Diamond-Blackfan anaemia (DBA) is a rare inherited disorder marked by early-onset macrocytic anaemia and erythroid hypoplasia, resulting from mutations in ribosomal protein genes. Despite growing genetic insights, data on functional validation remain limited in India; here we report a novel RPS10 mutation with functional validation and provide genotype-phenotype correlation by integrating our findings with all previously reported RPS10 variants. A clinically suspected Diamond-Blackfan anaemia (DBA) case was evaluated through haematological profiling, bone marrow examination, and erythrocyte adenosine deaminase (eADA) activity measurement. Whole exome sequencing (WES) was followed by Sanger sequencing to identify and validate a novel pathogenic variant. Gene expression of ribosomal and regulatory genes was analysed by quantitative RT-PCR, and rRNA processing analysis was carried out to assess functional impact. The proband presented with severe macrocytic anaemia, reticulocytopenia, and erythroid hypoplasia consistent with Diamond-Blackfan anaemia (DBA). Whole exome sequencing identified a novel heterozygous nonsense variant in RPS10 (c.206G > A; p.Trp69Ter), and Sanger sequencing confirmed the variant as de novo. Gene expression analysis revealed significant upregulation of TP53 and downregulation of RPS10 and GATA1, indicating ribosomal dysfunction and activation of the p53 pathway. Additionally, the rRNA processing defect validated the pathogenicity of the novel RPS10 variant. This study identifies a novel de novo nonsense variant in RPS10 associated with Diamond-Blackfan anaemia, with supporting functional evidence of haploinsufficiency and p53 pathway activation. These findings expand the mutational spectrum of RPS10 and underscore the diagnostic value of integrating genomic and functional analyses in rare haematological disorders, while also contributing to ongoing efforts to delineate genotype-phenotype correlations in DBA.

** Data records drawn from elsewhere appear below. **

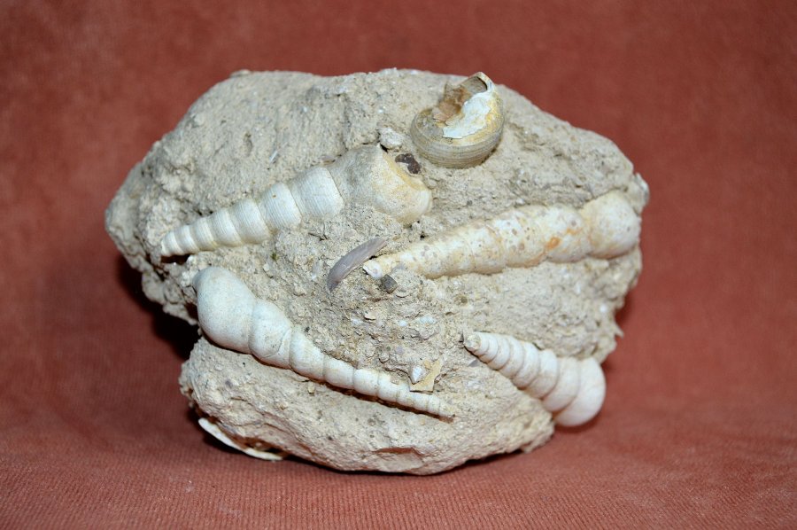 Miocén korú, 20 millió évvel ezelőtt élt Turitellák kövesedett háza agyagmárgában. A házak szinte tökéletes épségűek, méretük 4-6 cm.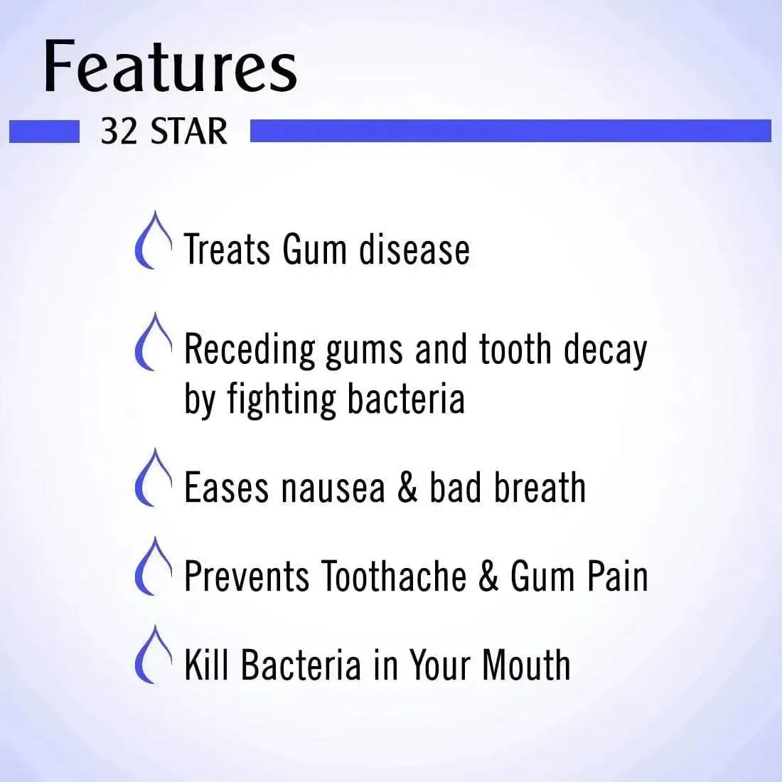 “32 Star.” is made with Nine powerful essential oils, which are long known as healthy Tooth & Gum Care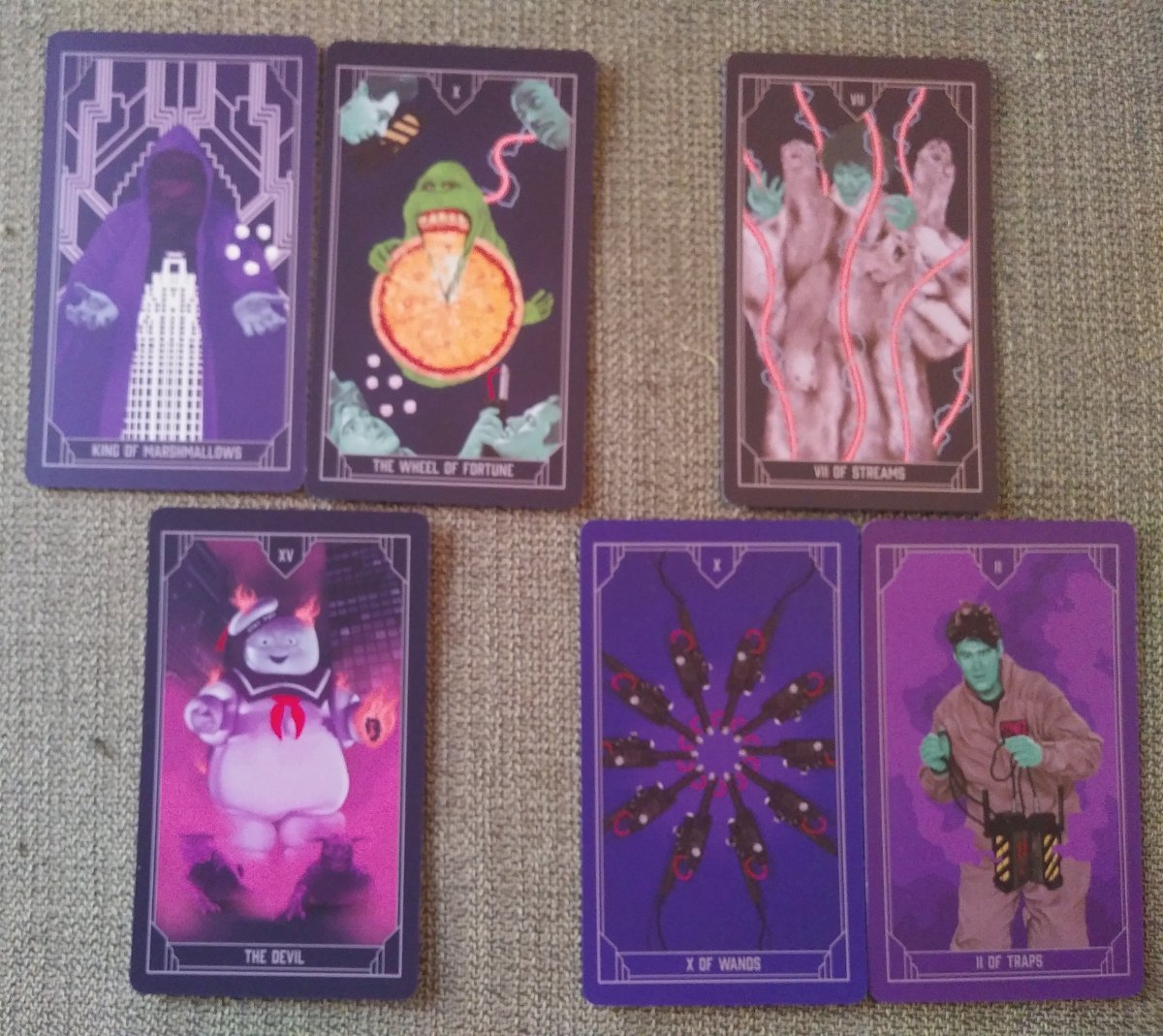 Rachelcat Posted July 15, 2024 Posted July 15, 2024 Hi all! Thanks @fire cat pickles as always! And there's a devil for me this week, too! This week will be Ghostbusters Tarot Deck, another fandom deck from Insight Editions. Criticisms first: Photos of the movie characters/actors are incorporated in the art, but their faces are green or purple. And to tell the truth, the art isn’t my favorite. The minors are an odd combination of pips and illustrations. The deck seems to be based on the first two movies. (And maybe the early video game? The booklet gives the name of the library ghost, which I think was only referenced in the game.) The Wheel card, Slimer, attributes the four ghostbusters to the four suits: Wands=Peter, Traps=Egon, Streams=Winston, and Marshmallows=Ray. See my attached list of all card attributions. There are a few spreads in the booklet. I like the backs! Well, let’s see what we get with an interview! What is your most important characteristic? The Devil The deck is more about what’s wrong than what’s right. Or it focuses on demons and spirits. To our delight! What is your strength? The Wheel of Fortune Meta: This card is the key to the suits. Oh, except streams and traps are switched. Also, as silly as it looks, it can be useful. And, like Slimer, it’s messy but fun! Your weakness? King of Marshmallows Ivo Shandor, the occult practitioner that made the apartment building a Gozer temple. He created something physically powerful. The deck is more about creating a fandom thingy than actual readings? What can I learn from you? II of Traps I can balance my positive and negative feelings. How can I learn it? X of Wands By realizing sometimes it’s overwhelming, and that’s ok. What will be the outcome of our work together? VII of Streams In Ghostbusters II, a mink coat comes to life and scampers away. The deck will turn out to be attractive but deceptive and emotionally manipulative. And maybe even shocking! Well, that was fun! We’ll see how it goes! Ghostbusters Tarot Deck.pdf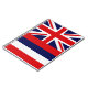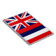 Hawaii State Flag has eight alternating horizontal white, red, and blue stripes, with the United Kingdom's Union Flag in the top corner. The flag ratio is 4:7. The design has been adjusted to fit the product. The Hawaiian Islands are an archipelago of eight major islands, several atolls, numerous smaller islets, and undersea sea mounts in the North Pacific Ocean, extending some 1,500 miles from the island of Hawaii in the south to northernmost Kure Atoll.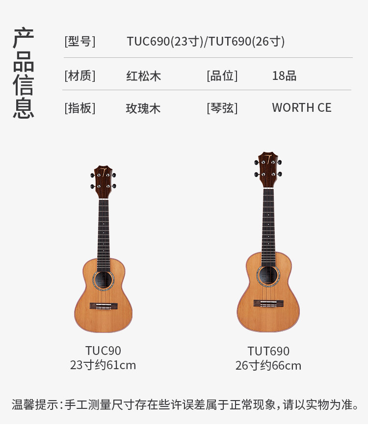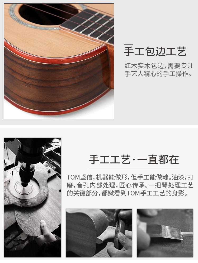 Tom Ukulele Yuxili Red Pine Board Ukili Гавайская гитара TUC690 Профессиональная работа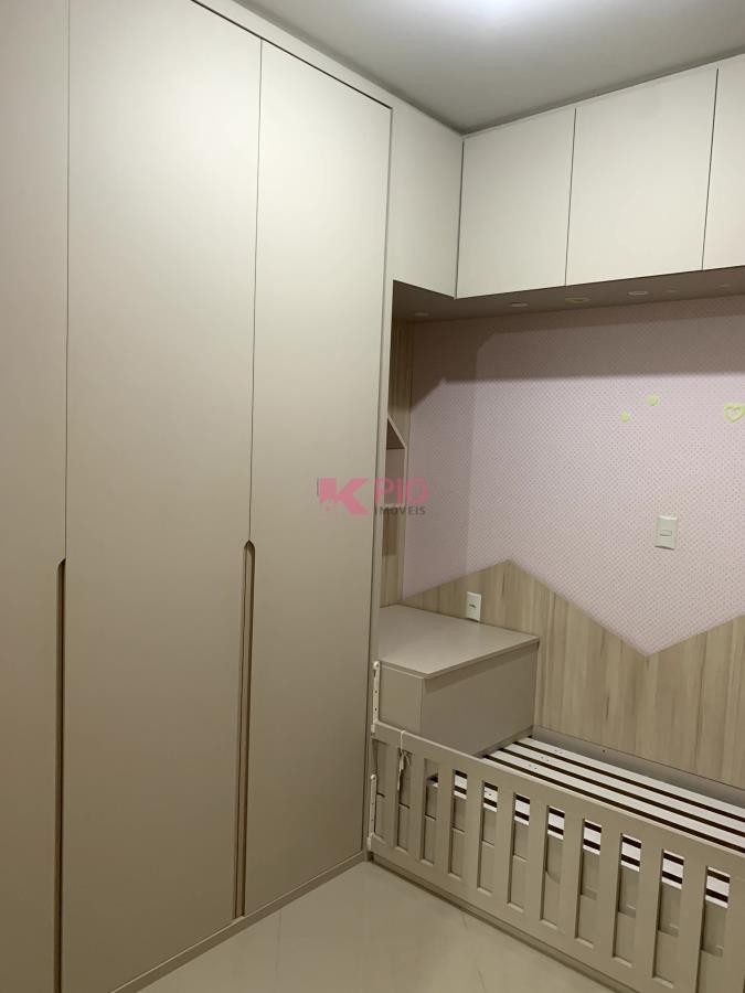 A cozinha e o quarto infantil são sob medida com roupeiro, sofá e rack.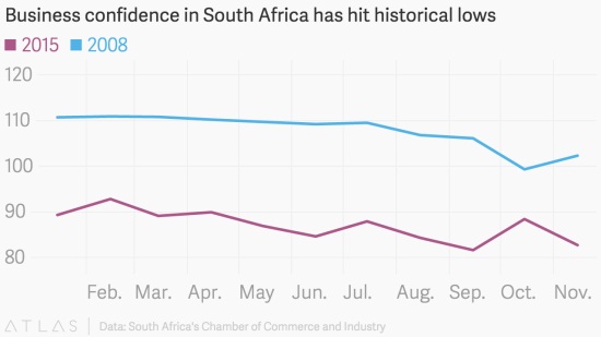 与此同时,企业信心持续低迷。11月间,南非商会发表的企业信心指数更是降低到了创纪录的水平,这充分反映了经济环境当中存在的重大变数。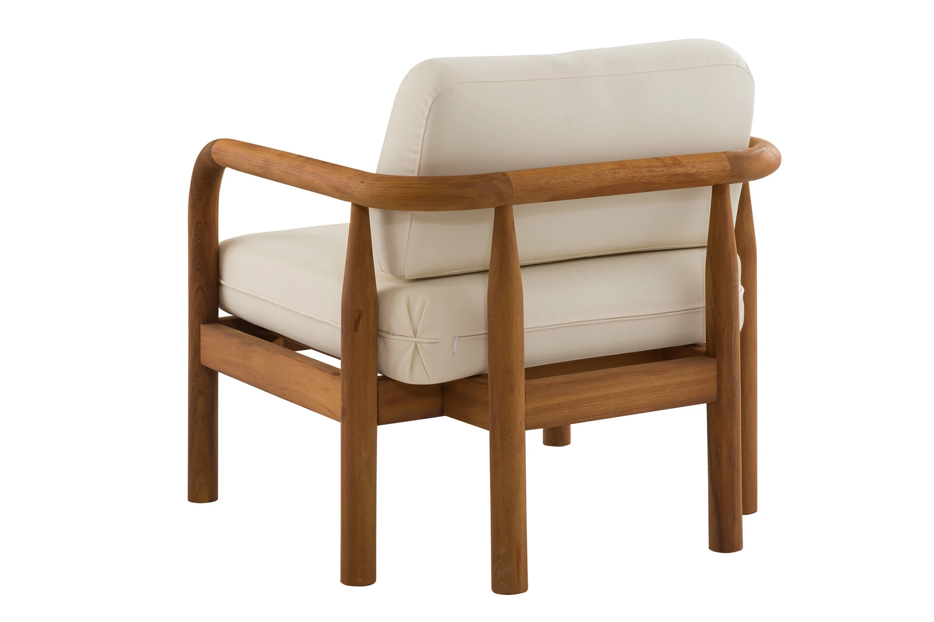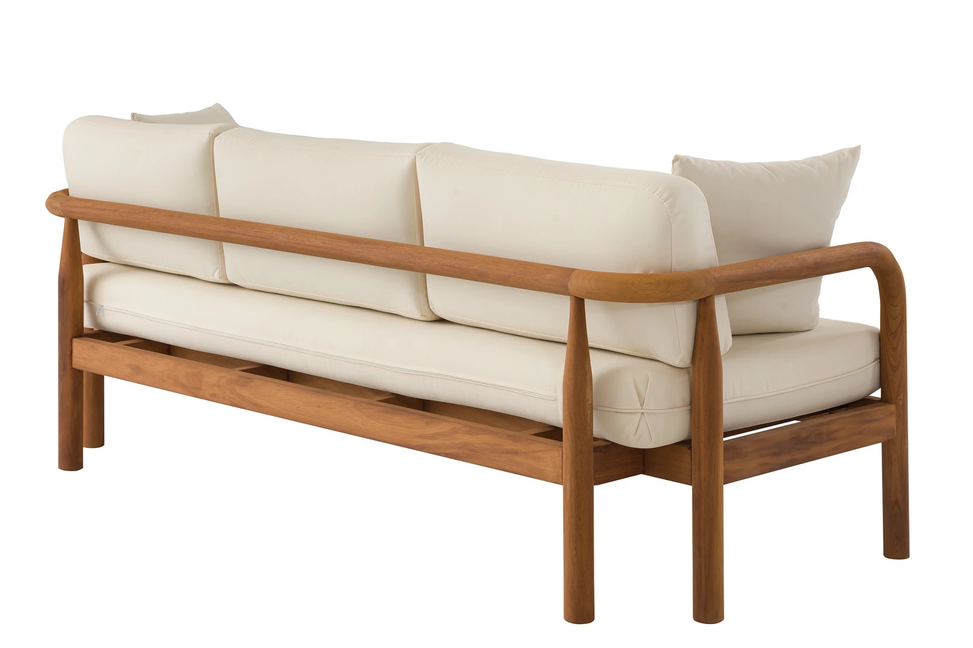 Embrace outdoor comfort with the Defne garden seating group, designed to elevate your patio or garden space. Featuring a sleek, rounded wooden frame, this set includes a plush three-seater sofa and two armchairs, all paired with soft, cream-colored cushions for ultimate relaxation. The spacious coffee table is perfect for entertaining or enjoying your morning coffee in the fresh air. Crafted from premium wood, the Defne set is both stylish and durable, promising to be a timeless addition to your outdoor retreat.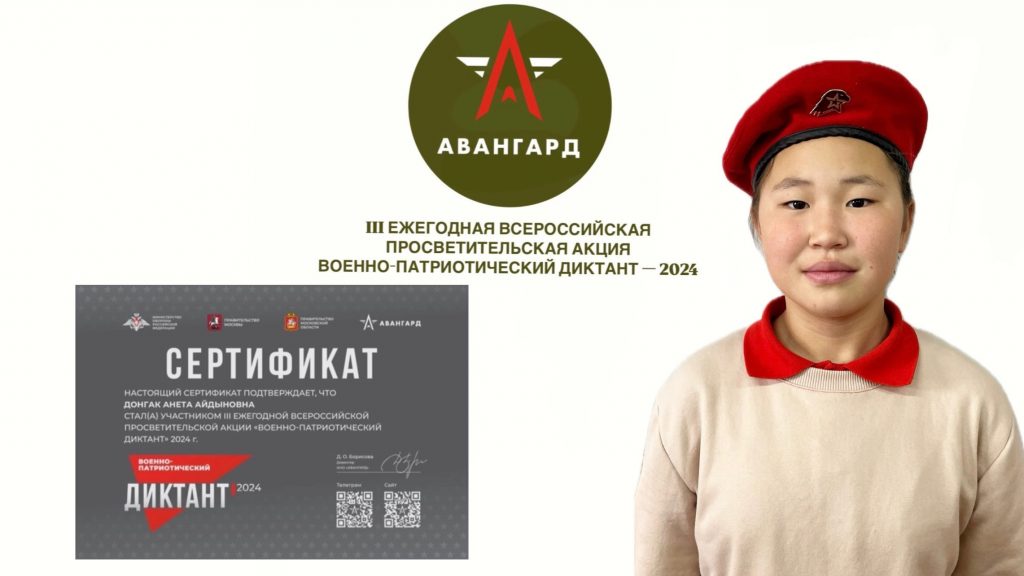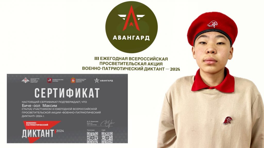 🇷🇺Наши активисты, члены движения «Юнармия», вместе с педагогом Пиче-оол А.О. приняли активное участие в этом диктанте и показали отличные результаты!

钻石黑范贫血(DBA)是一种罕见的遗传性疾病,其特征为早发性大细胞贫血和红系造血功能低下,由核糖体蛋白基因突变引起。尽管对其遗传学认识不断增加,但在印度,功能验证的数据仍然有限;在此,我们报告了一个经过功能验证的新型RPS10突变,并通过将我们的研究结果与所有先前报道的RPS10变体相结合,提供了基因型-表型相关性。通过血液学分析、骨髓检查和红细胞腺苷脱氨酶(eADA)活性测量,对一例临床疑似钻石黑范贫血(DBA)病例进行了评估。随后进行全外显子组测序(WES),接着进行桑格测序以鉴定和验证一个新型致病变体。通过定量逆转录聚合酶链反应(RT-PCR)分析核糖体和调节基因的表达,并进行rRNA加工分析以评估功能影响。先证者表现为严重的大细胞贫血、网织红细胞减少和红系造血功能低下,符合钻石黑范贫血(DBA)。全外显子组测序在RPS10中鉴定出一个新型杂合无义变体(c.206G>A;p.Trp69Ter),桑格测序证实该变体为新发突变。基因表达分析显示TP53显著上调,RPS10和GATA1下调,表明核糖体功能障碍和p53途径激活。此外,rRNA加工缺陷验证了新型RPS10变体的致病性。本研究鉴定出一个与钻石黑范贫血相关的新型RPS10新发无义变体,有单倍体不足和p53途径激活的功能证据支持。这些发现扩展了RPS10的突变谱,强调了在罕见血液疾病中整合基因组和功能分析的诊断价值,同时也有助于正在进行的确定DBA基因型-表型相关性的工作。